“They’re using their messed-up concept of the Middle Ages as a recruitment tool, and that’s a huge problem,” says Paul B. Sturtevant, author of “The Middle Ages in Popular Imagination” and editor in chief of the Public Medievalist.
Sturtevant counted 18 references to the Middle Ages in the markings and writing on the arsenal that belonged to Brenton Harrison Tarrant, the 28-year-old Australian charged in Friday’s New Zealand rampage.
There is, of course, the sun wheel, or black sun, symbols seen in photos Tarrant allegedly posted to the Internet before the shooting.

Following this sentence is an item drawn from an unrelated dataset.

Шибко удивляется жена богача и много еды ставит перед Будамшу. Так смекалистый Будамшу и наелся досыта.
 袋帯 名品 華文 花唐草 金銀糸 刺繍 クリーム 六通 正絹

The symbol became associated with the Third Reich after Heinrich Himmler decorated a castle with it. But in his 2002 book “Black Sun: Aryan Cults, Esoteric Nazism, and the Politics of Identity,” historian Nicholas Goodrick-Clarke links the symbol to decorative Merovingian discs in the early medieval period.

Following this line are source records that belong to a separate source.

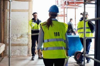 Kvinna med skyddshjälm och pappersark i handen står vänd med ryggen mot kameran och tittar på
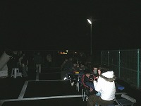 プラネタリウム投影中なんとか雨は止み観望会は決行となりました。雲はまだ空を覆っており、月がたまに見え隠れ状態。みなさんも不安げでしたが、待っていただいている間に暖かい飲み物を飲んでいただきました。
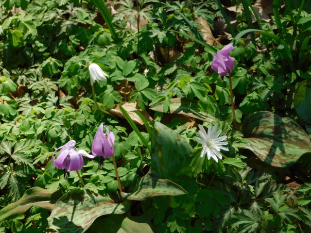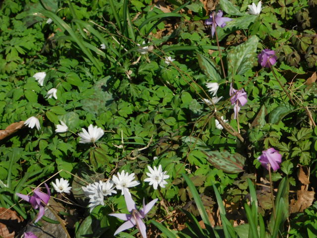 アズマイチゲとカタクリであるがアズマイチゲの花はほとんど閉じている。

“As far as we know, it was just an artistic design,” Sturtevant says. “It had nothing to do with a pan-Germanic identity any more than a paisley pattern or a Nike swoosh.”

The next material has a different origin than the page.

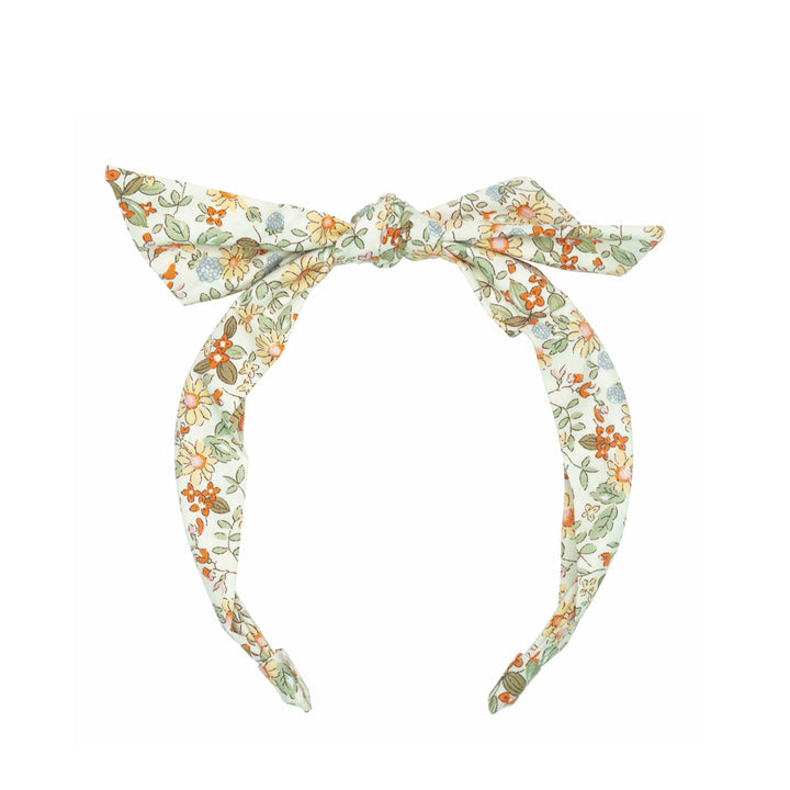 A beautiful headband made with our gorgeous bramble floral fabric, featuring a hand tied top knot, and designed to provide a comfortable fit for little heads.

There were also numerous references on the suspected shooter’s weapons to medieval battles and figures, including four names of medieval Serbs who fought against the Muslim Ottomans, two Hungarian military leaders who fought the Ottomans, and numerous references to the Crusades, when Christian armies from Europe tried to seize the Holy Land from Muslims during the 11th, 12th and 13th centuries.
One name in particular stood out to Sturtevant: Charles Martel. Martel was a real person in history, credited with defeating the last organized army headed by a Muslim ruler to attempt to invade what is now France at the Battle of Tours in 732. But legends about Martel, among contemporary hate groups and medieval people, reach mythic proportions.
And when it comes to white supremacists’ understanding of the Middle Ages, “myth” is the right word, he said.
“White supremacists imagine the Middle Ages as a time when Europe was all white, separated from its neighbors and in constant conflict with those that it deemed to be outsiders,” Sturtevant said. “Nothing could be further from the truth.”
In medieval Sicily, Christians, Muslims and Jews were “living and working together side by side,” Sturtevant said. In 7th-century England, the well-respected archbishop of Canterbury was from Turkey, and his favorite abbot was from North Africa. There were Ethiopian embassies across southern Europe, including Rome. Pilgrimage books listed travelers as hailing from “India” — though this was probably just a fill-in for anywhere in the Middle East.
Medieval European artists also accurately depicted black people (read: not like blackface caricatures), indicating it wasn’t uncommon to see them. (Check out the Twitter account @medievalPOC for numerous examples.)
Which is not to say it was all sunshine and multiculti roses, Sturtevant stresses. There was religious strife as well as religious pluralism.
“Definitely racism did exist, but it was a lot weirder” — more geography-based than skin-colored-based, he said. “It was more about being racist against the people over the river.”
Medieval historians like Dorothy Kim, David M. Perry, Sierra Lomuto and Sturtevant are part of a growing movement in the field to actively counter false histories of the Middle Ages spread by and to people like the alleged mosque shooter.
“The idea that [medieval societies] are this paragon of unblemished whiteness is just ridiculous,” Sturtevant said. “It would be hilarious if it weren’t so awful.”